我有两个CSV文件第一个，当被视为列表时，看起来像这样：

('Rubus idaeus', '10.0', '56.0')
('Neckera crispa', '9.8785', '56.803')
('Dicranum polysetum', '9.1919', '56.0456')
('Sphagnum subnitens', '9.1826', '56.6367')
('Taxus baccata', '9.61778', '55.68833')
('Sphagnum papillosum', '9.1879', '56.0442')

列是'Species'，'Longitude'和'Latitude'。它们是在现场进行的观察。
另一个文件也是CSV文件。测试类似于真实的东西。它看起来像这样：

{'y': '58.1', 'x': '22.1', 'temp': '14'}
{'y': '58.2', 'x': '22.2', 'temp': '10'}
{'y': '58.3', 'x': '22.3', 'temp': '1'}
{'y': '58.4', 'x': '22.4', 'temp': '12'}
{'y': '58.5', 'x': '22.5', 'temp': '1'}
{'y': '58.6', 'x': '22.6', 'temp': '6'}
{'y': '58.7', 'x': '22.7', 'temp': '0'}
{'y': '58.8', 'x': '22.8', 'temp': '13'}
{'y': '58.9', 'x': '22.9', 'temp': '7'}

这两个文件确实很长。

我有观察结果，现在我想在包含气候数据的文件中找到最接近的较低数字，然后将该行附加到另一个，因此输出变为：

('Dicranum polysetum', '9.1919', '56.0456', 'y': '9.1', 'x': '56.0', 'temp': '7')

我尝试使用DictReader迭代CSV文件来创建嵌套循环，但它非常快速地嵌套。
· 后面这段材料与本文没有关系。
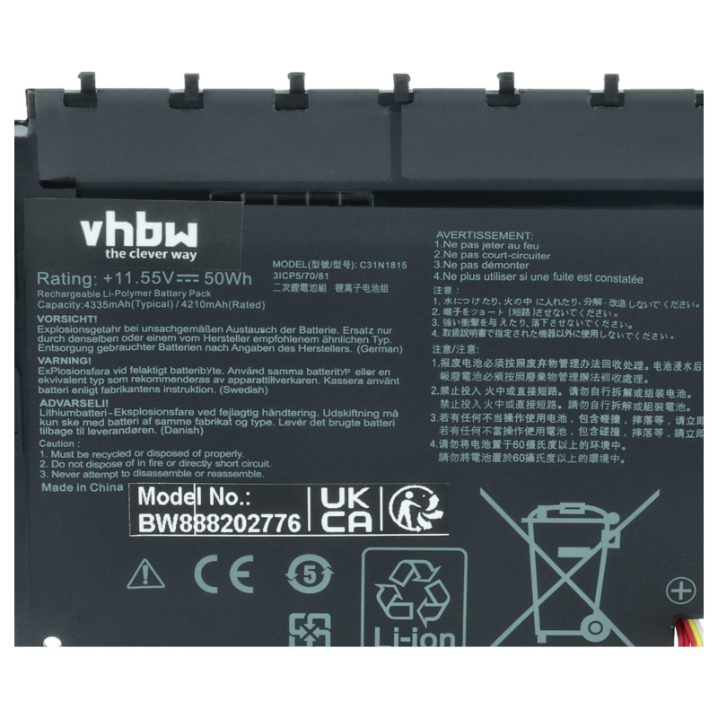 Vuoi ricevere il prodotto in Italia? Batteria per Asus Zenbook BX333FN / RX333FN / UX333FN, C31N1815, 4250 mAh | MediaOutlet.it

并且需要大量的循环才能完成整个过程有人知道方法吗？

我目前的代码很差，但我尝试了几种方式循环，我希望我的整个方法存在根本性的错误。

import csv
fil = csv.DictReader(open("TestData.csv"), delimiter=';')
navn = "nyDK_OVER_50M.csv"
occu = csv.DictReader(open(navn), delimiter='\t')

for row in fil:
    print 'x=',row['x']
    for line in occu:
        print round(float(line['decimalLongitude']),1)
        if round(float(line['decimalLongitude']),1) == row['x']:
            print 'You did it, found one dam match'

这是我的两个文件的链接，因此如果您知道可以推动我前进的事情，您不必编制任何数据。

https://www.dropbox.com/s/lmstnkq8jl71vcc/nyDK_OVER_50M.csv?dl=0 https://www.dropbox.com/s/v22j61vi9b43j78/TestData.csv?dl=0

祝你好运，的Mathias

Answer 1

因为您说没有缺少温度数据点，所以解决问题要容易得多：

import csv

# temperatures
fil = csv.DictReader(open("TestData.csv"), delimiter=';')
# species
navn = "nyDK_OVER_50M.csv"
occu = csv.DictReader(open(navn), delimiter='\t')

d = {}
for row in fil:
    x = '{:.1f}'.format(float(row['x']))
    y = '{:.1f}'.format(float(row['y']))
    try:
        d[x][y] = row['temp']
    except KeyError:
        d[x] = {y:row['temp']}

for line in occu:
    x = '{:.1f}'.format(round(float(line['decimalLongitude']),1))
    y = '{:.1f}'.format(round(float(line['decimalLatitude']),1))
    temp = d[x][y]
    line['temp'] = temp
    line['x'] = x
    line['y'] = y
    print(line)

Answer 2

这是一个解决方案，它使用numpy计算每个数据项与x,y点的欧几里德距离，并使用最小的x,y数据元组中的数据连接项目距离它。

import numpy
import operator

# read the data into numpy arrays
testdata = numpy.genfromtxt('TestData.csv', delimiter=';', names=True)
nyDK     = numpy.genfromtxt('nyDK_OVER_50M.csv', names=True, delimiter='\t',\
                            dtype=[('species','|S64'),\
                                   ('decimalLongitude','float32'),\
                                   ('decimalLatitude','float32')])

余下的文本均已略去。